The ERGM was used to test whether land management related knowledge relationships are associated with a similarity of farming types, social characteristics, and geographical proximity. ERGMs permit testing all of these variables simultaneously and predicting edge formation [48], therefore informing about how land management related rural networks are created. We fit the ERGMs using the ergm (v2018.10, Handcock and Gile, 2010; Handcock et al., 2014) package for R statistical software (R version 3.6.3) programming language (R Team et al., 2020). We constrained the simulations to a maximum of 5 nominees. Sometimes, especially when the number of configurations included is high or the models are not well specified, ERGMs do not converge [29]. To deal with this we started with a simple model and added more configurations incrementally if there were reasons to believe they were important (see S2 Table regarding our reasoning to include environmental variables). After obtaining a structural baseline model, we first tested each new set of parameters, added to the simple, smaller model, and then later tested a final model with all the previously significant parameters. This way we can explore the data in several directions and preselect relevant effects while reducing the number of false positives by testing all relevant effects jointly in a final model.
Generally, farmers answered about awareness of their co-production of NCP. However, some of the landholders who did not manage land anymore did not answer this question, and, for this reason, we took a subsample of 55 farmers regarding the analysis about their perceptions of NCP co-production. As for the ERGMs analysis, this can be reliably estimated under missing data (assuming the data is missing at random), as long as the missing data is only on the network ties [49]. Missing covariates, however, cannot easily be handled within the ERGM framework because the model is only generative regarding network links and treats all covariates as exogenous (this means that missing covariate values cannot be internally imputed during the estimation). We thus base our findings for the ERGM only on a subsample of 80 respondents on which we have nearly complete information. One farmer was the only one who used purely organic farming techniques and asked no-one else for knowledge on farming practices, nor did anyone ask this farmer for such a knowledge. This farmer thus represented a very special case and was excluded. It has been shown that ERGMs still provide reliable results with 20–30% missing data [50, 51].
We found different levels of awareness among farmers regarding how they can affect NCP within the agricultural landscape given their land management decisions. Not surprisingly, the provision of food was the most highly cited material contribution of farmers to NCP. Around 96% of the farmers answering this question thought they contributed to the provision of food through their crop production. This was followed by some cultural contributions, such as impact on their own recreation (87%) and farmers’ influence on landscape aesthetics (80%). Farmers we interviewed also mentioned perceptions about their impacts in creating an adequate habitat to enhance biodiversity (75%) and to support water regulation (67%). In contrast, their impact on land pollution and climate regulation was the least cited, being mentioned by only 29% of farmers (See Fig 2).

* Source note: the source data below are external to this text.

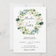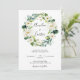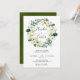 Vit bröllopsinbjudan med blomsterkrans bestående av akvarellmålade vita blommor med grön lövverk. För avancerad anpassning av denna design, vänligen klicka på "Anpassa"-knappen. Matchande artiklar finns också tillgängliga.
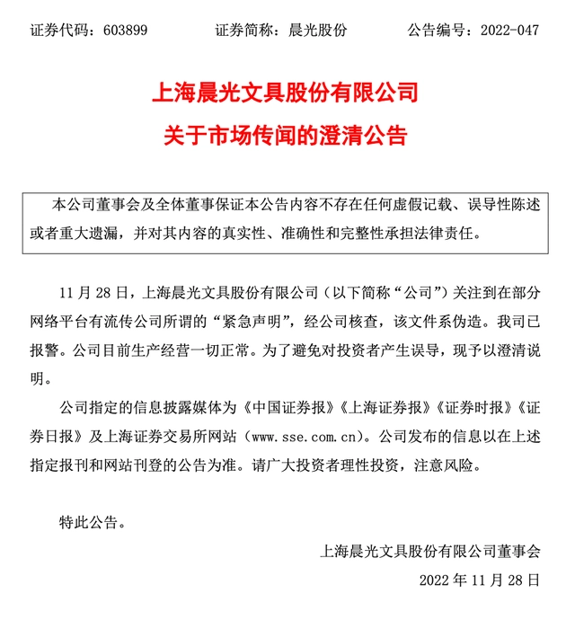 11月28日早上,晨光文具通过官方网站发布声明,经该公司核查,该文件系伪造。公司已报警,目前生产经营一切正常。
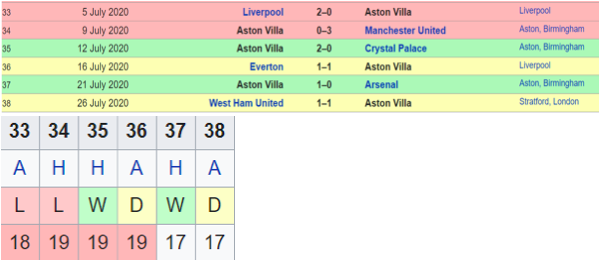 Having spent last 5 weeks in bottom 3 & winless from the last 8 GWs, Aston Villa perhaps were set for relegation as they started this stretch with 2 expected losses against Liverpool ( late second half goals sinking them) & Man United. However, a solid 2-0 win against Crystal Palace gave them some hope while they remained rooted at 19th with 3 weeks to go.
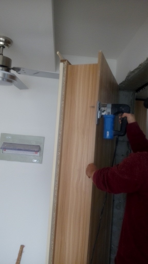 【记录】20141102装修第103天:橱柜衣柜收尾+木门补漆+安装晾衣架

Percentage of farmers aware of their NCP perceived as co-produced through their farming.
The result of the first HCA grouped farmers according to their land management (MC) into three groups: modern technology adopters (N = 45), traditional farmers (N = 21), and landowners (N = 15). The second HCA was based on their awareness of their role to co-produce NCP (NCPC) and it also revealed three different groups: farmers conscious of their negative impacts on non-material NCP (N = 19); farmers aware of their contribution to climate regulation and landscape aesthetics (N = 42); and farmers more aware of their role enhancing the habitat conditions, maintaining cultural traditions and traditional knowledge, and regulation of pests (N = 20). See Table 1 for more detail on the characteristic of each group.

| HCA1 based on management | HCA2 based on NCP co-production awareness |
|---|---|
| Modern farmers (N = 45) hold large areas with agro-industry oriented crops (maize, grass, biofuels, cereals), sprinkling irrigation, mixed fertilization They make all decisions about farming and investments. They normally contract labor. | Conscious of their negative impacts (N = 19) These farmers realize their practices enhance soil erosion, land pollution, and habitat degradation. |
| Traditional farmers (N = 21) hold plots between 0–5 hectares of “other” crops (vegetables, fruit trees such as olive or almond trees). Hardly any sprinkling irrigation, not main commercial crops (maize, vineyards, and biofuels). Mixed variety of fertilizers. Normally small-scale farmers do not rely only on agriculture, but have other sources of income or are retired farmers. | Climate regulation and landscape advocates (N = 42). These farmers consider they helped on climate change mitigation through the store of carbon underground and above ground in more perennial crops such as wooden crops. Likewise, they are aware that their farming practices, types of crops, and rotations contribute to improving landscape aesthetics. |
| Landholders (N = 15) are not directly associated with farming and they do not make decisions on it either on technology investments. They are normally retired farmers who own many small surfaces of arable land in the village and rent those lands to other farmers to labor them. | Traditionalists and habitat supporters These farmers enhance regulating and cultural contributions (N = 20) Aware of their role to enhance the habitat conditions, traditional knowledge, traditions maintenance, and regulation of pests. |
We did not find any significant differences (after adjusting for multiple comparisons) among the farmers performing different kinds of land management in their awareness of NCP co-production. However, we did find some indications that some land management decisions, such as the type of irrigation and fertilizer use, crop selection, and, to a lesser extent, the area of land farmed, are correlated with the NCP co-production awareness (see Fig 3). Those using drip irrigation and who normally cultivated “other” crops encompassing wooden fruit trees and vegetables were normally aware of their contribution to climate regulation, landscape aesthetics, traditions, and habitat. Interviews revealed that some traditional farmers considered planting fruit trees a way to regulate the climate and to regulate land pollution. They explained that trees had higher capacity to absorb carbon and retain pollutants, in comparison to other crops. Likewise, they attributed the improvement of the landscape aesthetics to the trees they grew. Traditional farmers also normally linked the way they pruned the vineyards or the olive trees to keeping traditional knowledge and traditions.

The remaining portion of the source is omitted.